Develop 3-5 clues that will lead the players to the BBEG. Sprinkle these throughout the story. Think of several ways for your players to fall upon the same clue. This will help keep your players on track., and keep them from being too frustrated.

Dungeon Building

A quick way to create a dungeon is to find a premade map online and tailor it to your adventure. You'll want to add some of the clues you made above. You'll also want to consider adding an encounter and a puzzle or two here.

Step 6: Add the End

What happens when they kill all the baddies? Do they get cool loot? Free room and board in town? Wrap up the one-shot with a summary.

In our case, they get to see the children waking up and coming home. They'll get some coin from the mayor who posted the job as well. Don't worry about cool items or money much. Anything goes in one-shots, and rewards rarely carry over.

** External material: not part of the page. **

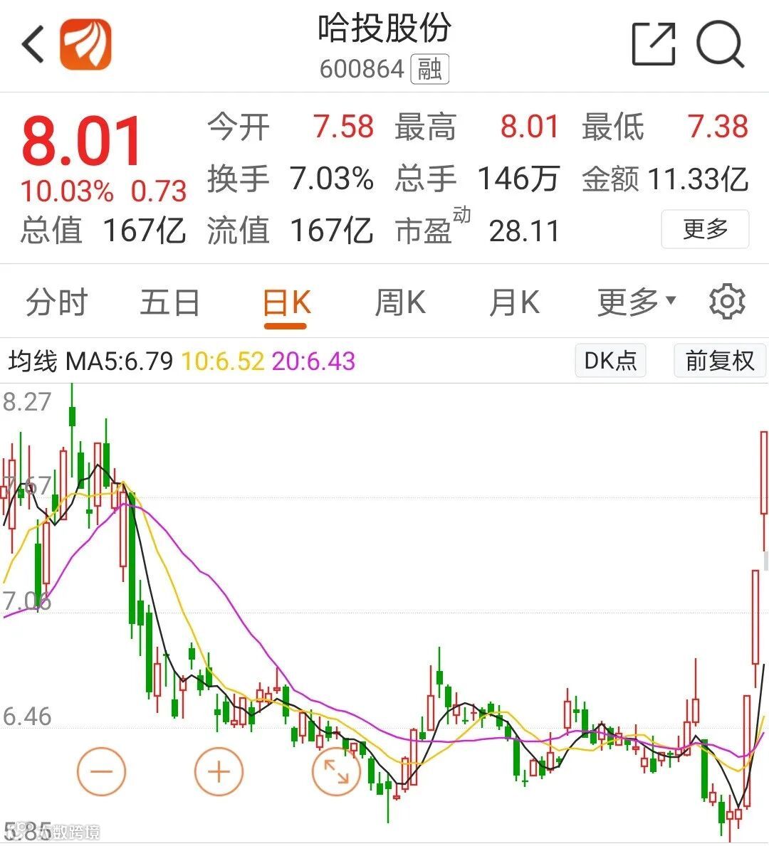 实际上,哈投股份是典型的券商概念股,实际控制人为哈尔滨市国资委,江海证券是哈投股份全资子公司,哈投股份从7月2日交易日直至7月6日已经收获三个涨停板,股价从6.02元/股上涨至8.01元/股。

Bonus Tip: Cut Out All the Time Sucks

To keep your one shot to one session, you'll need to cut out some things that are more time-consuming. Here's a list of things you should cut out of your adventure to keep it short:

  • Shopping Montages - Instead of spending 30 minutes shopping, give your players items. A couple of healing potions are helpful. You might want to give them any other items you deem necessary for the adventure as well.
  • Player Introductions Save the time (and the awkwardness of strangers meeting in a bar). Have the party already know each other in advance. There are a few ways to do this. One of the easiest ways is to have each player write a paragraph about their character. Send these paragraphs out to all your players before sitting down at the table.